А, ладно. Если она начнет выкобениваться, всегда можно спросить у автопилота.
Он по привычке пошарил под сиденьем в поисках своего термоса, но тут же вспомнил, что в этой сияющей новенькой кабине не предполагается маленьких полочек и укромных уголков, куда так удобно прятать личные вещи. Вместо этого здесь была система наблюдения и поддержки жизнедеятельности пилота, которая каждый раз без промаха выплескивала на него чашку теплой коричневой жидкости, когда он проходил самый сложный участок около 10.45 утра. «Пора увольняться, — сказал он себе. И добавил: — Если только мне позволят».
— Контрольный Центр — Гелиосу-один, стартовое время по графику минус четырнадцать, один-четыре, минут, прием.
«Жаль, — продолжал размышлять Джордж, — что Малыш так вот взял и смылся. У кого действительно был талант к этой работе, так это у Малыша. Интересно, где он сейчас? В Общественном Клубе ходили слухи, что он вообще ушел из Службы и устроился работать где-то у смертных. Правда, нынче так говорят про любого, кто пропадает с горизонта больше чем на неделю. Может быть, теперь Малыша переведут обратно, раз уж они сподобились купить эту новую модель. У этого парня природный дар, он может летать на чем угодно, если ему дать время попрактиковаться, и при условии, что никто не станет обращать внимания во что он врежется, пока практикуется».
По мере того как приближалось время старта (что было плохого, кстати, в том, чтобы называть это восходом? Восход — классное слово; да и вообще, чувствуешь себя малость тронутым, говоря о розовоперстом старте или о том, что старт разгорается как пожар), что-то маленькое, но твердое, словно шарик в пинбольной машине, начинало кататься взад-вперед в голове Джорджа; и, возможно, именно слабый толчок, когда гигантская машина плавно поднялась в воздух, и придал этому шарику необходимый импульс, чтобы закатиться в ямку. Как бы то ни было, но он туда закатился. Клинк!
В этой машине что-то было очень неладно, и никто не замечал этого. Но что?
Джордж переключил интерком на передачу.
— Гелиос-один — Контрольному Центру. Высота пятьсот тысяч, пять-ноль-ноль тысяч метров, набираю высоту, все системы функционируют, прием.
Он положил микрофон, оглянулся, чтобы убедиться, что никто не смотрит, и выключил автопилот.
— Не обижайся, старина, — объяснил он. — Ты работаешь как надо, но знаешь ведь, как оно бывает. Я все время чувствую себя дерьмовым пассажиром.

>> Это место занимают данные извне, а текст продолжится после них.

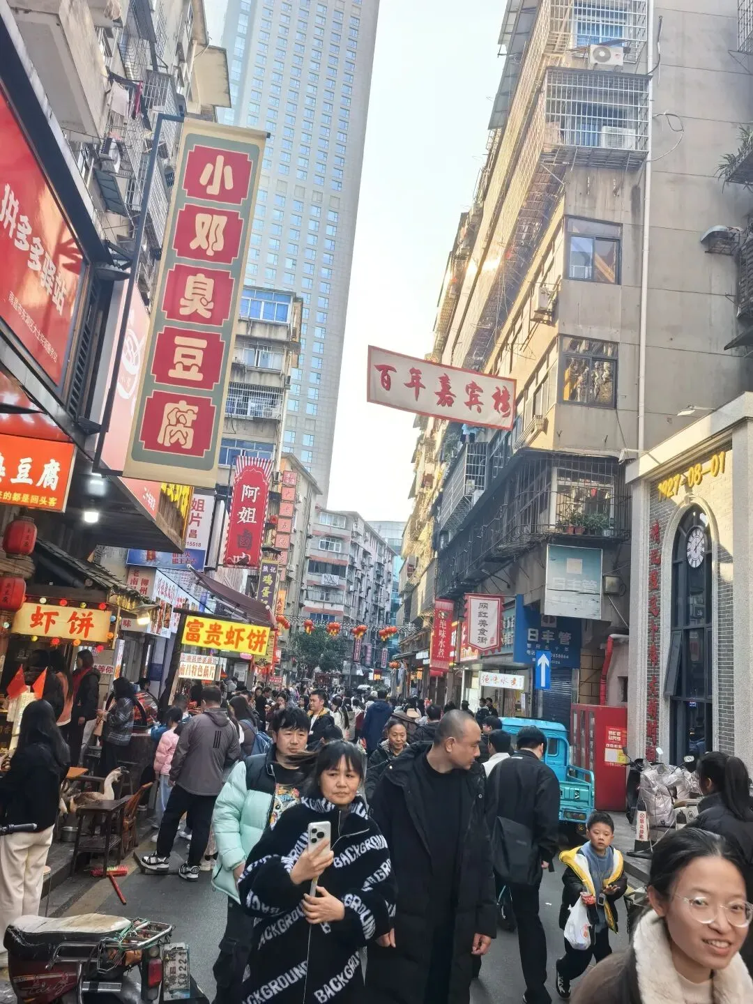 街道不长,人潮并肩而行,笑语喧天,这里的店铺藏着数十年的老味道,吃着的每一口都带着岁月的温度。
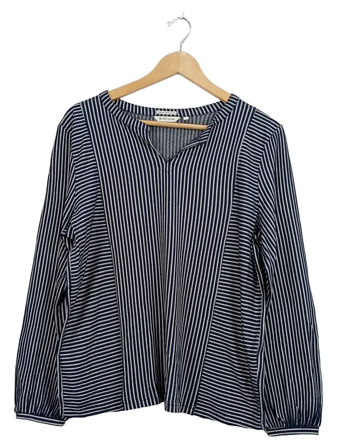 Bluse Damen Gr. L Langarm Gestreift Blau Weiß Baumwolle
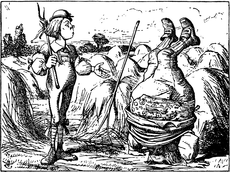 ‘It matters a good deal tome,’ said Alice hastily; ‘but I’m not looking for eggs, as it happens; and if I was, I shouldn’t want yours: I don’t like them raw.’
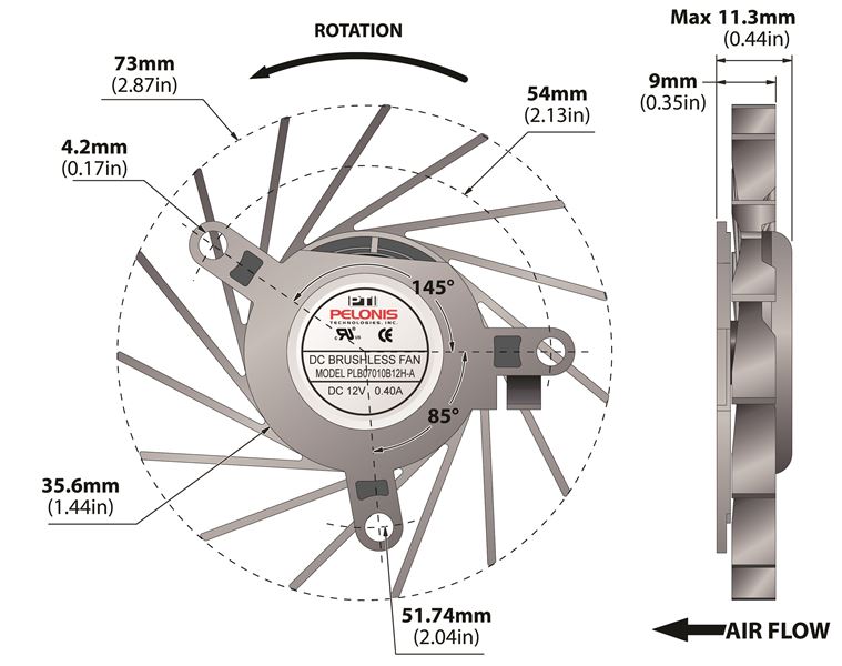 | PLB07010B12L-A | N/A 18.2 Watt (W) Power PLB07010B-A Series Type A Frameless Fan | Voltage N/A 5.0 V | Rated Current N/A 0.20 A | Power N/A 2.40 Watts | Speed N/A 1800 rpm |
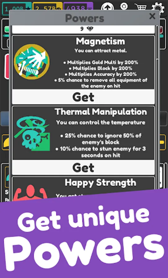 Idle Superpowers is a roguelike idle rpg where you are a superhero who can get multiple superpowers that are combinable and synergize with each other!
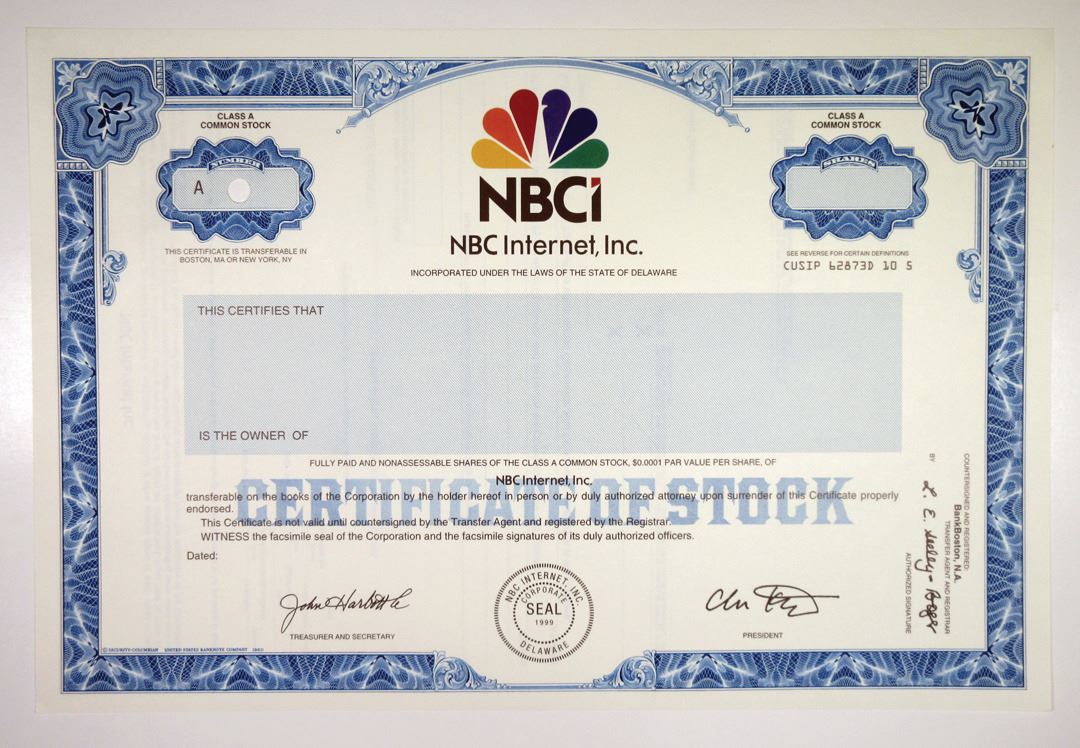 IPO Specimen Class A Stock Certificate, VF SC-USBN. NBC Internet is the new-media unit of NBC. The National Broadcasting Company (NBC) is an American English-language commercial terrestrial radio and television network that is a flagship property of NBCUniversal, a subsidiary of Comcast.

Он взялся за джойстик и инстинктивно перевел его в правильное положение. Моментально он ощутил крохотную разницу в ощущении машины. Пинбольный шарик покатался в своей ямке и снова угнездился в ней; и на заднем плане в мозгу у Джорджа зажглись разноцветные огоньки, которые кричали: «Призовая игра!»
Она замедлялась. С того самого момента, как он перевел ее на ручное управление, она начала замедляться.
Джордж посмотрел на землю через стекло кабины. После сотен лет полетов на мануалке на старом солнце он мог оценить свою скорость, просто глядя на землю, в то время как его мозг проделывал множество подсознательных молниеносных вычислений. Он знал, что летит с нужной скоростью, просто по тому, как тени деревьев внизу укорачивались и снова удлинялись по мере того, как он пролетал над ними. И однако он знал и то, что теряет скорость. Это ощущение было невозможно спутать ни с чем в мире; как пюре из брюквы, оно было единственным и не похожим ни на что другое. Что означало…
— Черт меня побери, — проговорил Джордж и непроизвольно хихикнул. Это показывало только, что не выйдет ничего хорошего, когда начинаешь лезть в дела, в которых ничего не смыслишь.
Это объясняло все: жухнущие посевы, капризное поведение приливов, тот факт, что Полярная звезда находилась на полпути за Кассиопеей, выжженные пятна по всей левой стороне пустыни Калахари, то, как его жена в последнее время выглядела удивленной, когда он возвращался с работы.
Треклятые придурки запустили его слишком быстро.
Затрезвонил будильник. Джейн простонала, потерла глаза и протянула руку, намереваясь ухватить источник этого кошмарного шума и придушить его. Затем включилась ее память, и она простонала еще раз.
Было утро, и ей надо было вставать и идти на работу. Проклятье!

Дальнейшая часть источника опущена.